Валерий Тодоровский снял ностальгический мюзикл о красоте внутренней и внешней.

Самое странное, что до Валерия Тодоровского никто не догадался в кино прикоснуться к столь яркой теме. Притом что феномен стиляжничества активно муссировался и в советской периодике, и в народной мифологии – в последнем случае обрастая уморительными анекдотическими подробностями вроде отрезанных галстуков и штанин.

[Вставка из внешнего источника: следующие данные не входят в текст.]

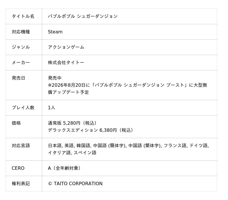 『バブルボブル シュガーダンジョン ブースト』公式サイト:https://www.taito.co.jp/BBSD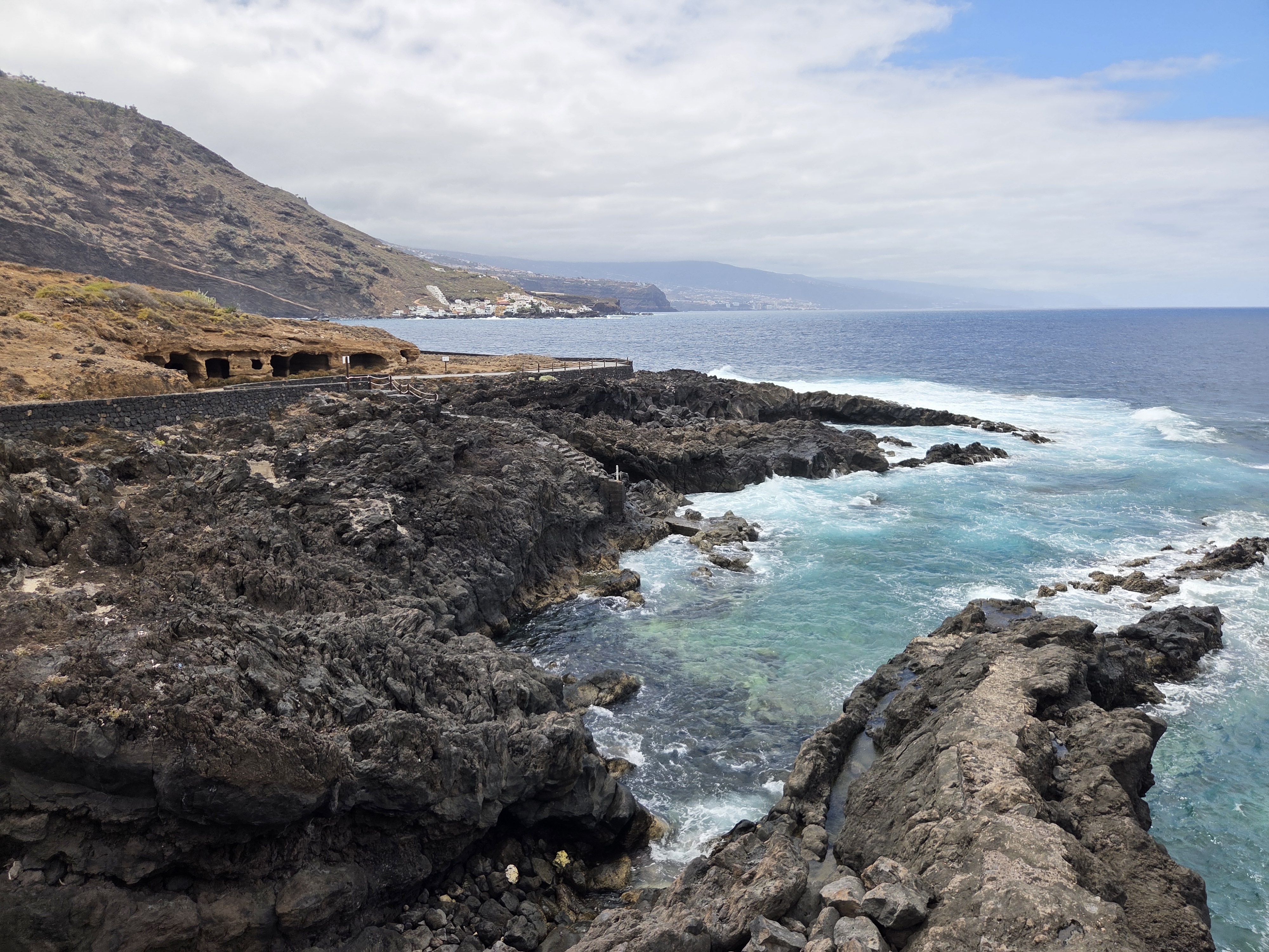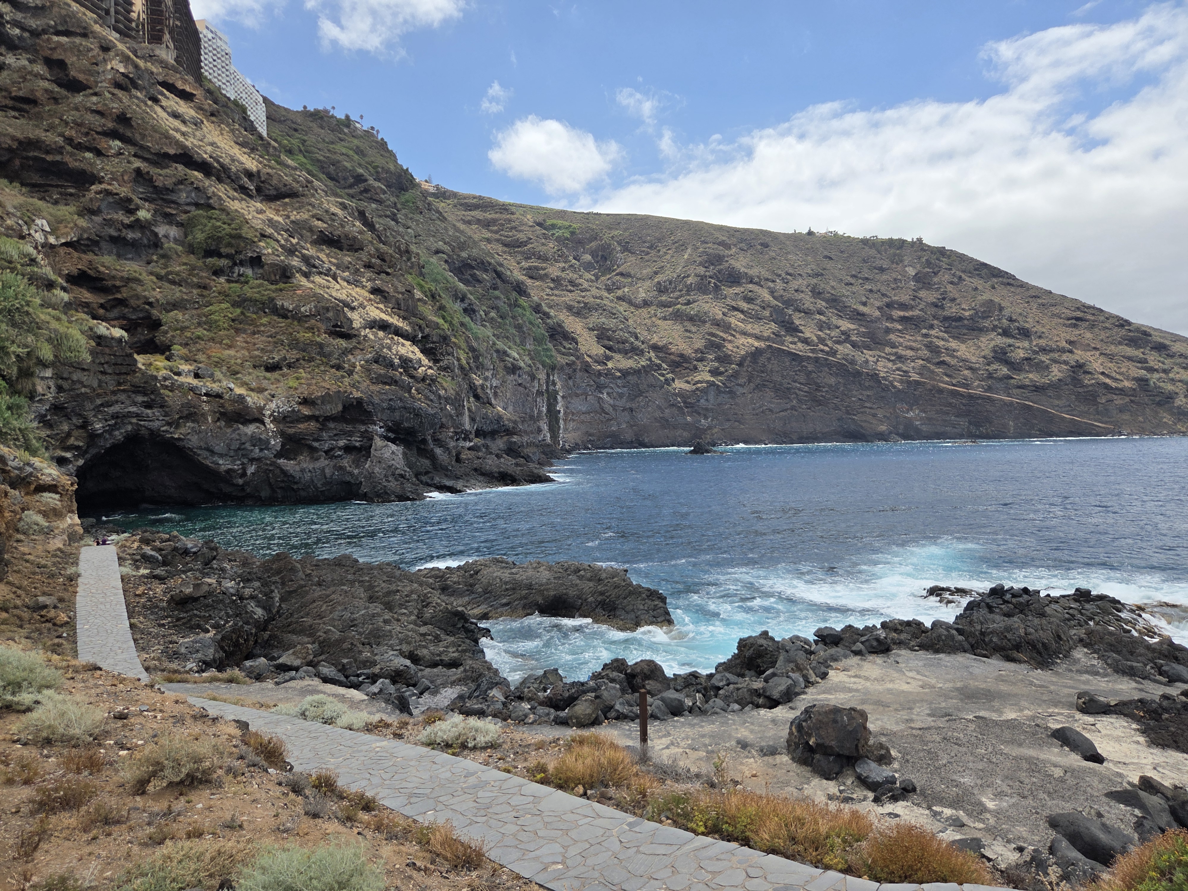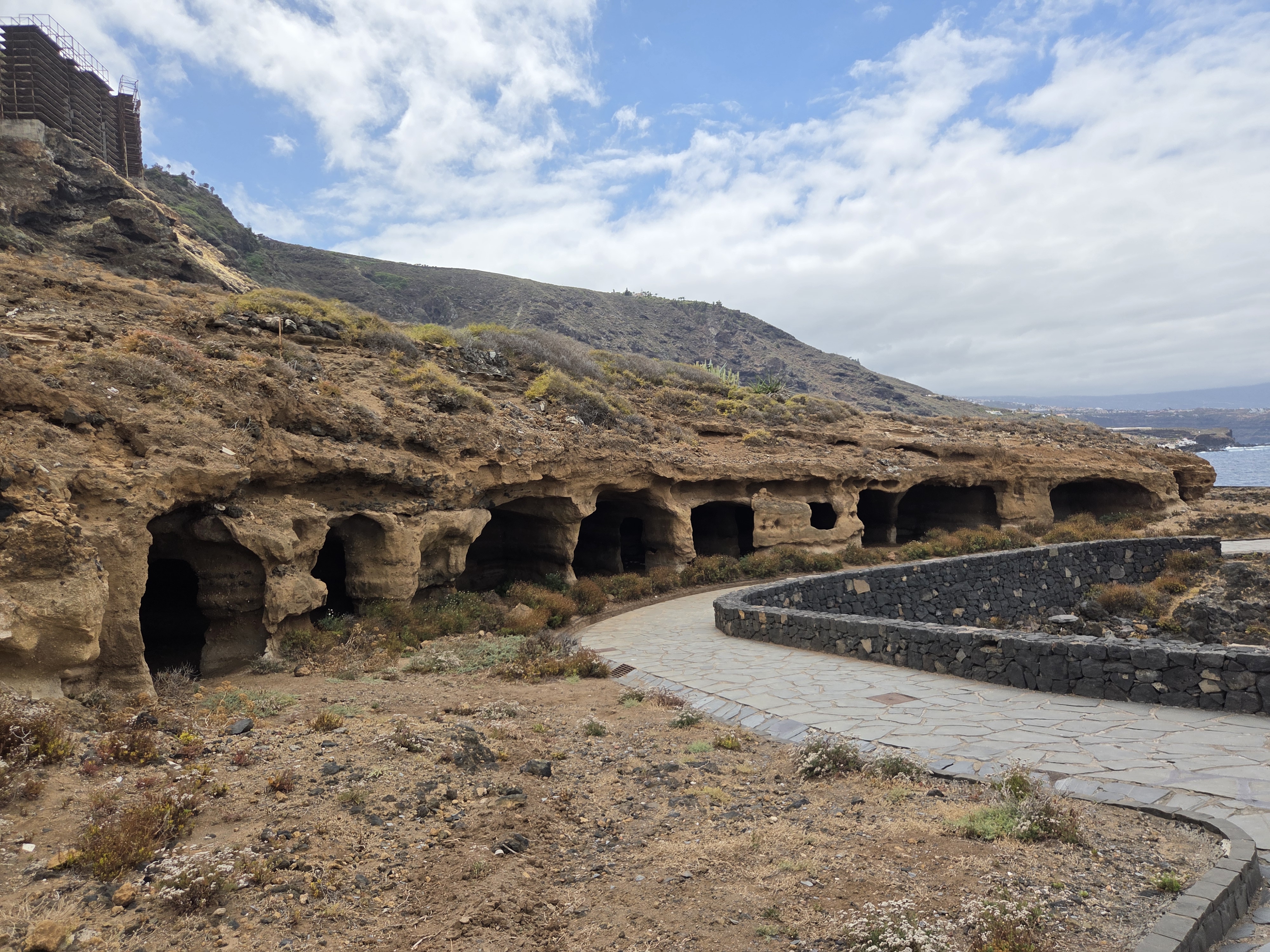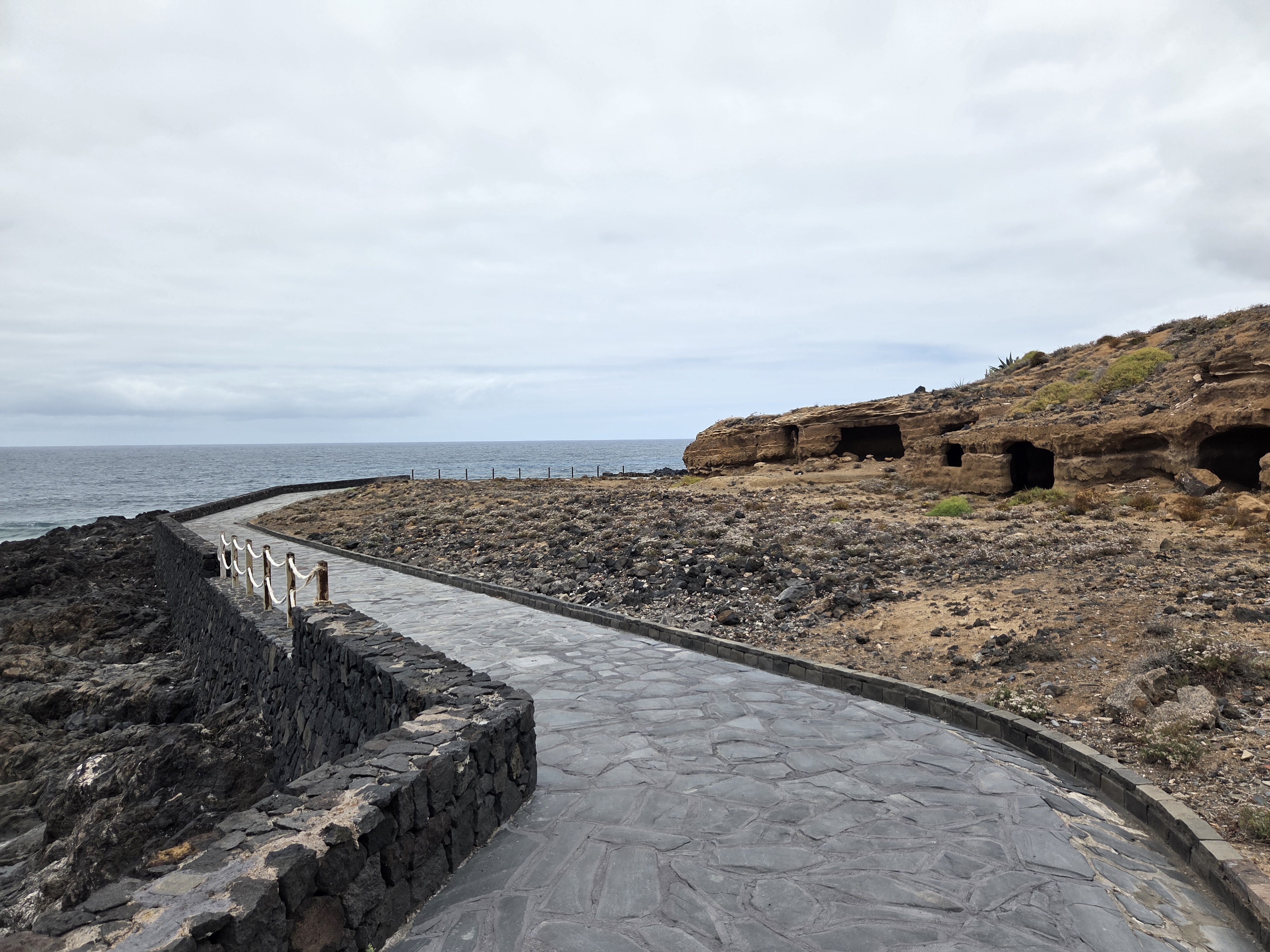 El paseo discurre paralelo a estas cuevas, un tramo fotogénico que muestra bien la geología costera de El Sauzal.

Собственно, кто они такие, эти малахольные юнцы и девицы 50-х годов, с вздыбленными прическами, в узких штанах, ярких пиджаках и галстуках, отчаянно дергающиеся под “буги-вуги на костях” (так, кстати, назывался сначала фильм Тодоровского)? Некоторые сейчас считают – бездельники, золотая молодежь. Что не совсем верно – многие из них хорошо учились и ударно работали.

Другие убеждены – это предтечи диссидентов, выражающие свой протест столь по-пугайски экзотично. Ой ли? Как бы то ни было, материал давал роскошный повод для мюзикла – и Тодоровский им воспользовался.

Хотя его отговаривали делать музыкальный фильм, никто не верил в успех, в то, что жанр мюзикла жив. Он рисковал, но решился. Потому что за свою жизнь прожил несколько эпох – от Брежнева до Медведева – и очень хотел лично разобраться с вопросом свободы в нашей стране, хотя бы в области галстуков и носков: “И эта проблема – не сегодняшняя, а вечная”. Этот глобальный мессидж наконец дошел до нас – пусть и в карикатурном виде.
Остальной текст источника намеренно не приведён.